Insurance industry analysts said it remained too early to estimate losses, but several private modelers said the destruction of structures in Pinetop-Lakeside and around La Veta could push insured damages into the high hundreds of millions of dollars if containment did not improve quickly. Roughly 380 structures, including 240 primary residences, had been confirmed destroyed across the three fires as of Monday morning, according to state forestry and emergency-management agencies.

Forecasters offered a cautiously favorable outlook for the next 48 hours. The National Weather Service’s Albuquerque office said winds would ease Monday afternoon as the upper-level trough departed, with humidity recoveries expected overnight across most of the burning country.
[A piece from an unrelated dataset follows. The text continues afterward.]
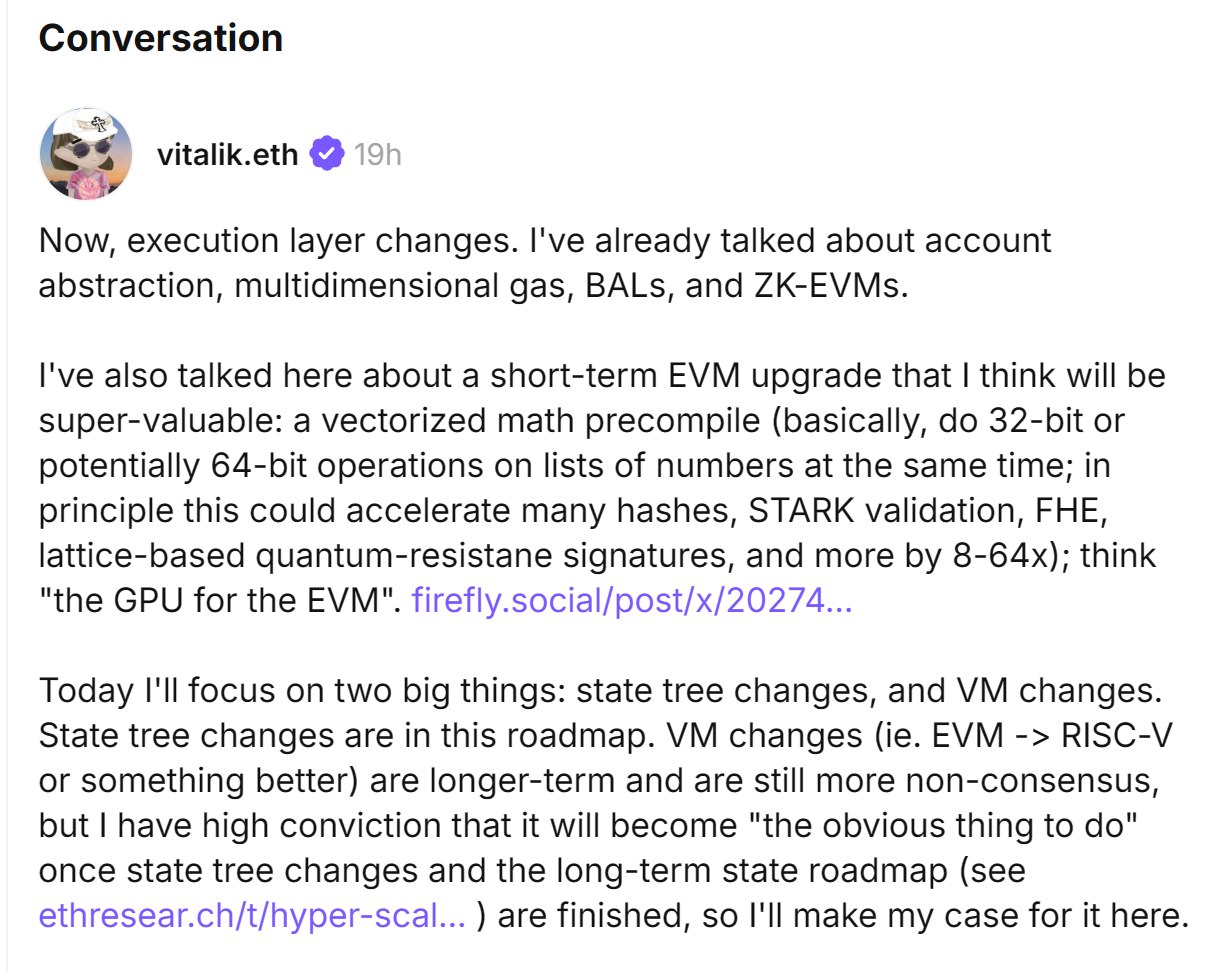 - Vitalik:状态树将转向二进制树结构,EVM 拟逐步替换为 RISC-V 架构

A weak Pacific system tracking through the Four Corners on Wednesday could deliver scattered showers to the higher elevations, although forecasters cautioned that dry-thunderstorm activity ahead of that system carried its own ignition risk.

Federal officials said additional resource orders, including military aviation support out of Davis-Monthan Air Force Base, would be announced as incident commanders completed Monday afternoon’s fire-behavior assessments.